Melawai students start school

The Jakarta Post, Jakarta

Having lost their school, the students and teachers of junior high school SMP 56 on Jl. Melawai Raya, South Jakarta, started the first day back at school on Monday by holding a flag-hoisting ceremony in the parking lot of a nearby hotel.

The ceremony in the parking lot, some 50 meters away from their school, began at 7:15 a.m., attended by some 70 out of 95 students, who just got back from their two-week holiday.

Hundreds of public order officers barricaded the school gate, which was sealed off by the city administration on Wednesday.

"We now have no place ... We hope the House of Representatives can help solve our problem," said school principal Nurlela, who was accompanied by teachers, parents and students, while meeting legislators to convey their grievances after the flag-hoisting ceremony.

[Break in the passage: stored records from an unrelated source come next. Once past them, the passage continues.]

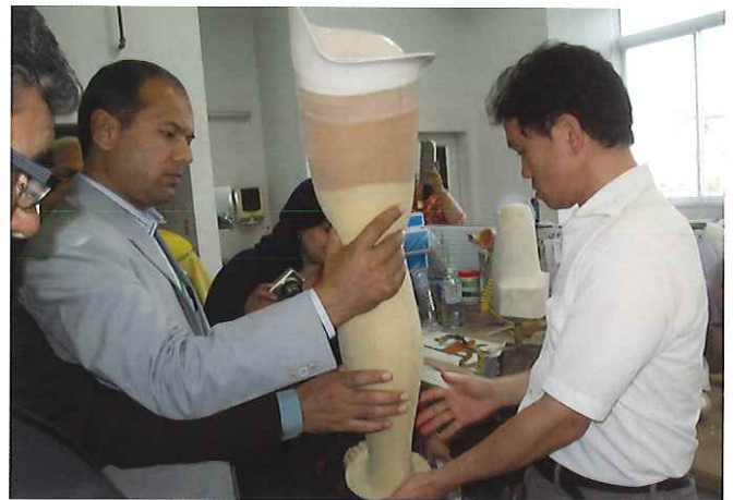
② (義肢装具サポートセンター) 義肢装具の製作から装着訓練までを行う総合リハビリテーション施設として一般の方の日常生活への復帰支援、パラリンピック選手へのスポーツ義足の提供などを行う
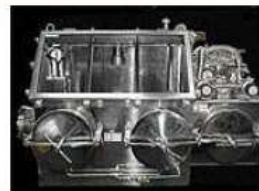
超高真空グローブボックス
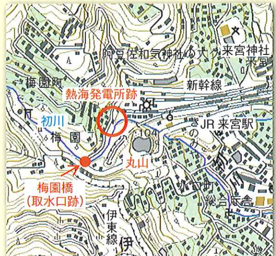
図2 現在の地図 国土地理院2万5千分の1地形図使用

現地を訪ねたところ、同トンネル坑口上は広場になっており、その一角に「熱海水力発電所跡碑」「熱海水力発電所由来記碑」などがありました。
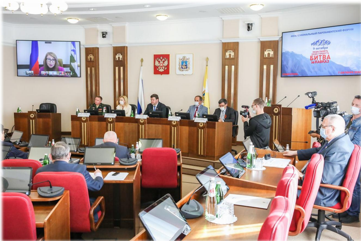
Межрегиональный парламентский форум "Наша память. Наша гордость. Битва за Кавказ"
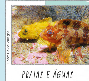
PRAIAS E ÁGUAS

Nas rochas mais próximas das praias vê-se uma grande variedade de vida marinha. Descubra-a com uns óculos de mergulho. Desfrute dela sem lhe tocar. Para usar cinto de mergulho é necessário autorização.
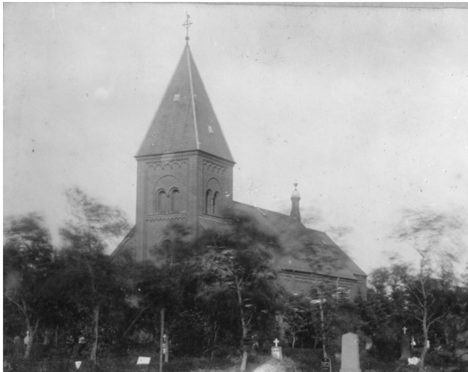
Øster Hassing kirke fotograferet i perioden 1900-1910.
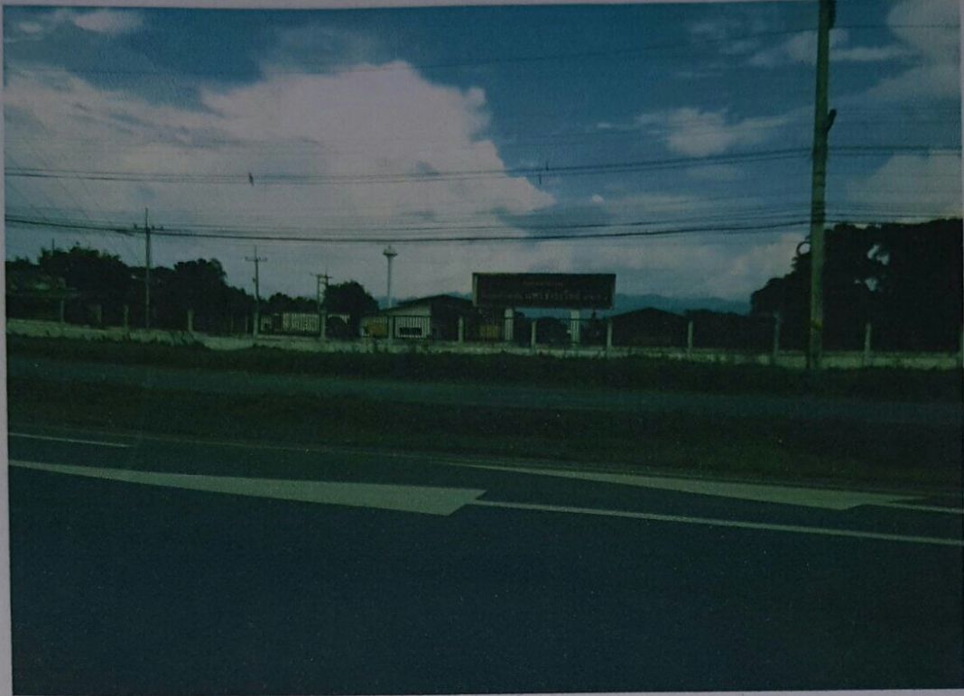
ภาพถ่าย พื้นที่แปลงปลูกป่า

ผู้ขอรับกล้าไม้ ชื่อ หจก.แพร่ธำรงวิทย์ สถานที่ปลูก ม.๑๒ ต.เหมืองหม้อ อ.เมือง จ.แพร่ จำนวนกล้าไม้ที่ขอ ๑,๕๐๐ กล้า พิกัด UTM ๒๐๐๕๘๐๘ , 47Q 062 2370 หน่วยงานแจกจ่ายกล้าไม้ ศูนย์เพาะชำกล้าไม้แพร่ ปีงบประมาณ พ.ศ. ๒๕๕๙

Some teachers and students had remained at the Melawai school, constructed in the 1930s, to protest a land swap deal made by the education ministry and PT Tata Disantara -- owned by former manpower minister Abdul Latief -- in 2000.

In the deal, PT Tata gave the government a property in Jeruk Purut and another in Bintaro, both in South Jakarta, in exchange for the Melawai premises.

The majority of teachers and students of SMP 56 had agreed to move to Jeruk Purut school.

The Supreme Court is still deciding on the legal status of the school, which is in an area being developed into a business district.

In spite of the fact that it is still embroiled in a dispute and most of the teachers of the school are working on a contractual basis, the school still took in new students this year. The city administration reported Nurlela to the police for allegedly operating an illegal, substandard school.

The administration emptied the school building while the students and teachers were on Idul Fitri holiday. The public order officers, who pitched five tents near the school building, prohibited students, parents and teachers from approaching the school on Monday.

Meanwhile, on the gate of the school building, the City Basic Education Agency placed an announcement, calling on students to re-register themselves to take part in temporary classes in another school.

The classes or "bridging" school should be attended by ex-SMP 56 students before they will be transferred to other city-run junior high schools. A number of officials were seen distributing registration forms to the students.